Wzmożone kontrole w wypożyczalniach quadów i skuterów śnieżnych to pokłosie styczniowego ataku uzbrojonego w nóż właściciela takiej wypożyczalni w Zakopanem. Zaatakował on jednego z właścicieli gruntów, który wraz z grupą poszkodowanych osób domagał się zaprzestania dewastowania ich pól przez pojazdy terenowe.

Jak podał rzecznik prasowy zakopiańskiej policji asp. sztab. Roman Wieczorek, w ciągu trzech tygodni przeprowadzono kilkadziesiąt kontroli, zarówno w samych wypożyczalniach pojazdów terenowych, jak i jeżdżących na nich osób. Dodał on, że kontrole i nakładane mandaty już przyniosły pozytywne efekty i poprawę sytuacji.

"Policjanci przeprowadzili rozmowy z właścicielami kilkunastu wypożyczalni takiego sprzętu, przekazując istotne informacje o możliwych konsekwencjach za naruszanie prywatnych terenów. Odbyły się również spotkania z mieszkańcami w Poroninie i Zakopanem, które skutkowały wszczęciem kilkunastu spraw dotyczących m.in. naruszeń własności właścicieli prywatnych terenów" – wyjaśnił rzecznik.

Zakopiańska komenda zapewniła, że działania kontrolne w sprawie wjeżdżania w prywatne tereny quadami i skuterami śnieżnymi będą kontynuowane i zachęca mieszkańców do korzystania z aplikacji Krajowa Mapa Zagrożeń Bezpieczeństwa. Można na niej wskazywać konkretne miejsca, gdzie może dochodzić do naruszeń własności terenu.

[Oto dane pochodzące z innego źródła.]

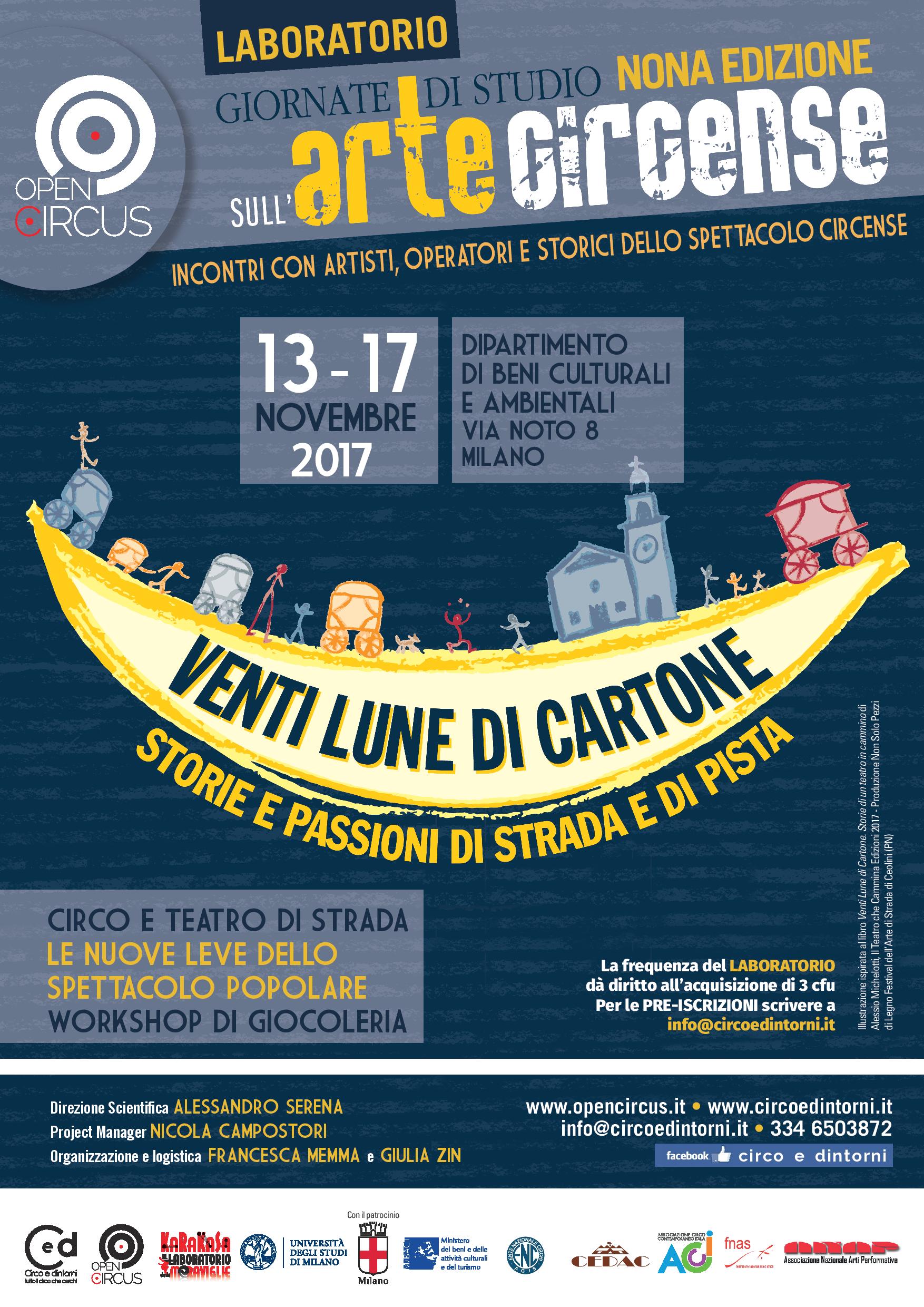 Il circo torna protagonista all'Università degli Studi di Milano. Artisti, compagnie, operatori ed esperti dello spettacolo popolare incontreranno gli studenti in una settimana di dibattiti e performance dal vivo. Immancabile il workshop di giocoleria con trainer professionisti, uno dei momenti più apprezzati dagli studenti. Le Giornate di Studio sull'Arte Circense offrono un panorama completo all'affascinante mondo del circo, dal classico tendone felliniano alle atmosfere romantiche di Chaplin, passando per i colossi d'avanguardia del Cirque du Soleil e per le nuove formazioni di circo di strada.

"Ponadto przypominamy o konieczności informowania osób postronnych o wkroczeniu na teren prywatny czy to za pomocą tabliczek informacyjnych, czy też poprzez przekazanie takiej informacji ustnie, aby policjanci mogli wyciągać konsekwencje prawne wobec osób, które poruszają się na pojazdach po ich terenie. Policjanci będą dążyć, aby te sprawy miały swój finał w sądzie” -zapewnia rzecznik policji.

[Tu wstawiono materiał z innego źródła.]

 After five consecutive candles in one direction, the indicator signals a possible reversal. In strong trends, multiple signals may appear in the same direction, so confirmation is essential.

Do ataku nożownika – właściciela wypożyczalni quadów i skuterów śnieżnych doszło 19 stycznia. Stanisław G. został zatrzymany i doprowadzony do prokuratury, gdzie usłyszał zarzuty kierowania gróźb karalnych oraz spowodowania uszczerbku na ciele poprzez atak nożem. Podejrzany przyznał się do zarzucanych mu czynów i złożył wyjaśnienia. Śledczy zabezpieczyli m.in. nóż wielofunkcyjny, którym napastnik zaatakował. Mężczyzna w chwili zdarzenia miał ok. 1,9 promila w organizmie.

Wobec podejrzanego zastosowano dozór policyjny i 10 tys. zł poręczenia majątkowego. Ma on także zakaz kontaktowania się z pokrzywdzonym i zbliżania się do niego na odległość mniejszą niż 50 m.

Starosta tatrzański Andrzej Skupień powiedział po tych zdarzeniach, że potrzebne są zmiany w prawie, aby wyeliminować problem rozjeżdżania pól. Samorządy z Podhala chcą w przyszłym tygodniu skierować pismo do Ministerstwa Infrastruktury w sprawie zmiany przepisów, mających na celu wyeliminowania jazdy pojazdami terenowymi po prywatnych terenach i lasach. Wspólne stanowisko zostało wypracowane podczas konwentu samorządowców z powiatu tatrzańskiego, który został zorganizowany po niebezpiecznym zdarzeniu.